What advice would you give to other women leaders to help their team to thrive?

I would suggest women leaders surround themselves with diverse and talented people who they trust and respect, and then invest time into their growth and development.

How have you used your success to make the world a better place?

I like to think I’ve used the gifts and insights I have to help those around me do well. I have invested my time and money in a number of non-profit organizations with missions I believe in and that makethe world a better place, such as The Caroline House, which works to break down barriers that have kept low-income immigrant women from building better lives, the Westport Country Playhouse that has brought theater worth talking about to our community, my educational alma maters, The Connecticut Business and Industry Association, and the Fairfield County Community Foundation, which is dedicated to closing the opportunity gap within Fairfield County. I also have been very active in several professional groups such as the Human Resources Policy Association in DC and the National Academy of Human Resources.

What are your “5 Things I Wish Someone Told Me Before I Started” and why?

I could have benefited from learning the importance of choosing the right people to be on your team, and the need to delegate to and empower them. I didn’t have that clear an understanding when I first started, but I learned quickly the need to position people that you trust and who understand the work in the right roles so that together we could make a difference. Learning that was the key to transitioning into a leadership role.

You are a person of great influence. If you could inspire a movement that would bring the most amount of good for the greatest number of people, what would that be? You never know what your idea can trigger.

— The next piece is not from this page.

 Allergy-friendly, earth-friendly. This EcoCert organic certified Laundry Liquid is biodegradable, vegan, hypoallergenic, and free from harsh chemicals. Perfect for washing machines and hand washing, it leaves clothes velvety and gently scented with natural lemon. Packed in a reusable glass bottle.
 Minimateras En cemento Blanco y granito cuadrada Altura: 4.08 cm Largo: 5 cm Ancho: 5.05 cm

Especially now, there are already movements that can make a difference and that I support. If I could call out one movement needing inspiration right now, it is that people become better and fully informed and civic-minded. In fact, I believe we need Civics back in the educational curriculum.

Can you please give us your favorite “Life Lesson Quote”? Can you share how that was relevant to you in your life?

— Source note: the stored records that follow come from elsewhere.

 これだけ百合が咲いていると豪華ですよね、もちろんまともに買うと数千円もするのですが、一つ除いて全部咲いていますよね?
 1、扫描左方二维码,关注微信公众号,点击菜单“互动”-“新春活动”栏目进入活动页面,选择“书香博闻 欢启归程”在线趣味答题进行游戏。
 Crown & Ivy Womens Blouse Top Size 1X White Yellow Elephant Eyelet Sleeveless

There are two quotes that come to mind almost immediately — the first is, “It’s never as good as you think and it’s never as bad as you think.” If you keep yourself in balance when you analyze problems or solutions, you’ll come out with better results, and I try to always keep this in mind.

On a lighter note, another phrase that I keep top of mind is, “Just get over yourself!” A former coach once told me this when discussing my frustrations, as a way to remind me that I should only focus on the controllable, and that most of the time, the issue I was concerned with wasn’t as significant as it felt in the moment.

We are very blessed that some very prominent names in Business, VC funding, Sports, and Entertainment read this column. Is there a person in the world, or in the US with whom you would love to have a private breakfast or lunch with, and why? He or she might just see this if we tag them

I would choose to have breakfast with the Pope. I like to think of myself as a spiritual person, and it would be an incredible honor and experience to meet with him. At the same time, the Church is also facing many organizational and people issues right now, and just maybe, (smiling) I could offer a few insights as well.

Thank you for these fantastic insights. We greatly appreciate the time you spent on this.